→ **RECORDS**
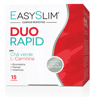 EASYSLIM® DUO RAPID é um suplemento alimentar que na sua composição contém um complexo fitoativo com Chá verde, L-Carnitina, Bromelaína, Bétula, Cerejeira, Groselheira negra, Taráxaco, Castanha-da-Índia, Rainha- dos-prados, Videira e Vitaminas. A Vitamina C contribui para a normal formação de colagénio para o funcionamento normal dos vasos sanguíneos.
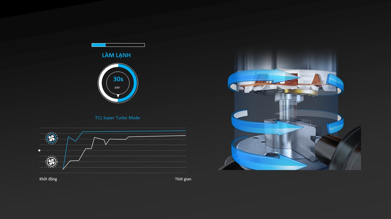 Với hệ thống tản nhiệt và máy nén hiệu suất cao, điều hòa TCL nhanh chóng mang đến luồng không khí mát mẻ và cực kỳ thoải mái khi vận hành chỉ với 1 nút nhấn Turbo.
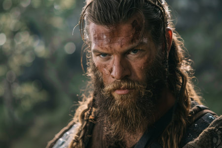 A man with long braided hair and a thick beard stands in a forest, showing a serious expression. His eyes display strength, reflecting deep thought amidst a serene backdrop.
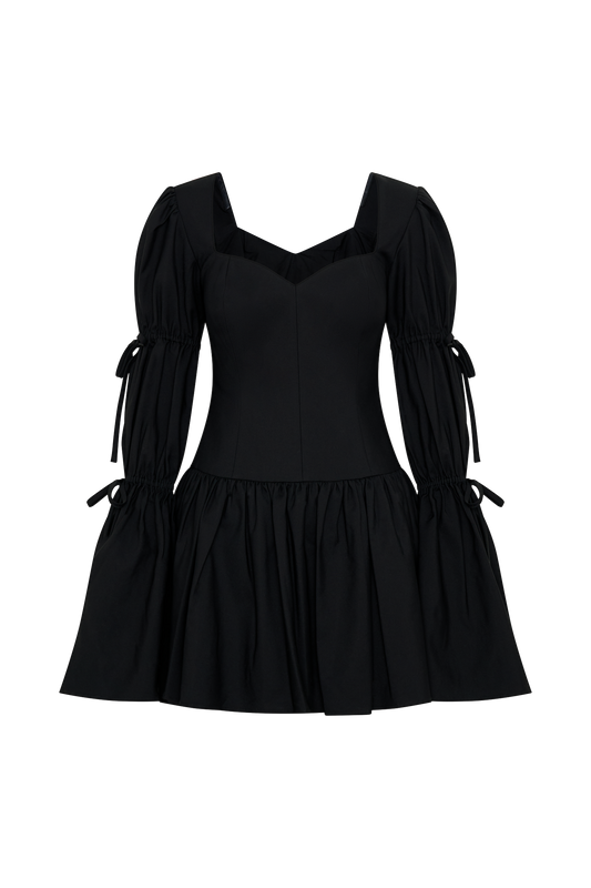 Long Sleeve Cotton Mini Dress - Black
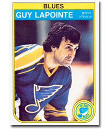 Two Guy Lapointe stickers. The left is from the 1970-71 Esso Power Players collection, while the other is from the 1972-73 Eddie Sargent sticker series. |
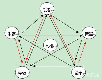 箭头方向表示克制方向,比如生存可以克制忍者 即 生存→忍者。
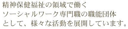 私たち精神保健福祉士は、精神障害者の社会的復権・権利擁護と福祉のための専門的・社会的活動を行う専門職として日々活動しています。また、広く地域の精神保健保持のために、医療、保健、福祉にまたがる領域で専門的な活動をしています。このような活動が認知され信頼されていくためには、専門職として研鑽の機会を多く持ち、質を高めていくこと仲間との情報交換・ネットワークを構築し、つながりと連携を強固にしていくこと関係団体や関係機関と連携・協力を図ること社会の要請や期待に応え、社会的発信力を高めていくことが求められています。
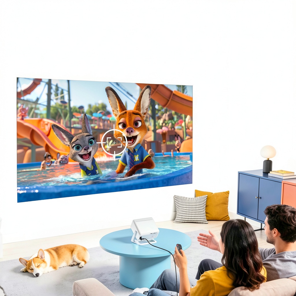 The projector uses high-precision sensors and an AI algorithm to automatically adjust focus, keystone, and alignment within seconds after startup, ensuring a sharp image without manual input.

→ **ASSIGNMENT**
Only the lines from the line with "Với hệ thống" through the closing line of the data, both included, should be set down, exactly as written and without pictures.

→ **RESULT**
 Với hệ thống tản nhiệt và máy nén hiệu suất cao, điều hòa TCL nhanh chóng mang đến luồng không khí mát mẻ và cực kỳ thoải mái khi vận hành chỉ với 1 nút nhấn Turbo.
 A man with long braided hair and a thick beard stands in a forest, showing a serious expression. His eyes display strength, reflecting deep thought amidst a serene backdrop.
 Long Sleeve Cotton Mini Dress - Black
 Two Guy Lapointe stickers. The left is from the 1970-71 Esso Power Players collection, while the other is from the 1972-73 Eddie Sargent sticker series. |
 箭头方向表示克制方向,比如生存可以克制忍者 即 生存→忍者。
 私たち精神保健福祉士は、精神障害者の社会的復権・権利擁護と福祉のための専門的・社会的活動を行う専門職として日々活動しています。また、広く地域の精神保健保持のために、医療、保健、福祉にまたがる領域で専門的な活動をしています。このような活動が認知され信頼されていくためには、専門職として研鑽の機会を多く持ち、質を高めていくこと仲間との情報交換・ネットワークを構築し、つながりと連携を強固にしていくこと関係団体や関係機関と連携・協力を図ること社会の要請や期待に応え、社会的発信力を高めていくことが求められています。
 The projector uses high-precision sensors and an AI algorithm to automatically adjust focus, keystone, and alignment within seconds after startup, ensuring a sharp image without manual input.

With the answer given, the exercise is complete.